One of America’s most influential architects called Chicago home for over 30 years, where he left his mark on the city’s skyline. Now, for the first time in over a decade, Mies van der Rohe’s personal residence in Streeterville is up for sale. Architecture critics found it ironic that van der Rohe did not live in a building of his own design; instead, he chose to live in the Campbell Apartments, an updated version of an Italianate Renaissance palace designed by Robert S. De Golyer in 1917. Although he briefly considered moving into his influential 860–880 Lake Shore Drive building a few blocks away, van der Rohe said in an interview that “he feared tenants would complain to him personally. He would rather look out the window of the two modernist towers than be stuck inside them.” While some may find Mies’ steel and glass structures minimal and austere, it’s hard to deny the impact his groundbreaking high-rise residential design had on our built environment.
Van der Rohe’s personal home has hit the market for $825,000. In 1938, the architect left Germany and lived in various hotel rooms before settling here a few years later. An elegant six-story building with two apartments per floor, there are beautiful classical details throughout the cozy space, pretty much the opposite of Mie’s own open-plan designs. This vintage but renovated mezzanine has two en-suite bedrooms, a large butler’s pantry, a possible third bedroom or office right off the kitchen, and in-unit laundry. It is located across the street from the Museum of Contemporary Art and just steps from Lake Michigan and all the hustle and bustle of the Magnificent Mile.
One of van der Rohe’s best-known projects was 860–880 North Lake Shore Drive, commissioned by developer Herbert Greenwald and constructed between 1949–51. This southwest corner unit was reinterpreted by an architect who transformed what was a three-bedroom into a light and airy two-bedroom residence. Miesian touches are everywhere from functional millwork to cork flooring, but the most dominant feature is a custom-designed travertine dining table. As part of a cooperative, owners pay a monthly assessment that includes property taxes, utilities, maintenance expenses and the property’s mortgage.
The success of 860–880 Lake Shore Drive led Mies to design the Esplanade Apartments. The building was built between 1953–56 and has a slimmer dark-tinted glass curtain wall compared to its neighbor to the south. Converted to apartments in 1979, former residents include van der Rohe’s grandson, Dirk Lohan, as well as other famous architects such as Stanley Tigerman and Brigitte Peterhans. In this particular listing, three individual units were combined into a large four-bedroom, three-bathroom home with two full walls of floor-to-ceiling windows. Imagine waking up from one of the bedrooms with endless lake views and natural light.
Lakeview’s Commonwealth Plaza was another investment by van der Rohe’s most important client, Herbert Greenwald, whose death in 1959 stopped the development of two more towers planned for the site. Located on the top floor, this one-bedroom, two-bathroom loft-style apartment has stunning views of the lake, downtown skyline, and nearby Lincoln Park.
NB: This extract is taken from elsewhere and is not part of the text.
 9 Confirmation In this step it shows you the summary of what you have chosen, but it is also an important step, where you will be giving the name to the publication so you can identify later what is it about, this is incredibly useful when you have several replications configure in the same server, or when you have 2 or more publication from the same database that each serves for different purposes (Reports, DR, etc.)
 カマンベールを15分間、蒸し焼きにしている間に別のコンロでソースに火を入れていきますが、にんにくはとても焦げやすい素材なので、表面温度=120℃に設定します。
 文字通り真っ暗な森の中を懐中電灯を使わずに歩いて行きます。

The all-amenity buildings come with $1,412 monthly HOA fees that cover an outdoor pool, tennis court, 24-hour security and heat/water/air conditioning. There is a long wait for parking, but this unit comes with one space in the attached garage (but you’re out of luck if you like a variety of pets – only cats are allowed in this complex).
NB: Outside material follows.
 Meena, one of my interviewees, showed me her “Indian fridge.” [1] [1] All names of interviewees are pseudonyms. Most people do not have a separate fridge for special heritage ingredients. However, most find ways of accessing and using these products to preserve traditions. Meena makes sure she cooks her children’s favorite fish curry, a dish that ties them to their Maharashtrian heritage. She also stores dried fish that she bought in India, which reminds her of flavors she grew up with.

Our latest property happens to be the last high-rise residential building created by van der Rohe in Chicago. The 30-story, 264-unit building dates back to 1963 with its $960 monthly HOA fees that cover services like heat and air conditioning, as well as a 24-hour security and on-site manager. Currently listed at $459,900, this southwest two bedroom, two bath unit has been recently renovated. Not only can residents enjoy an outdoor pool, but there are stunning views of Lincoln Park and Lake Michigan from the building’s rooftop.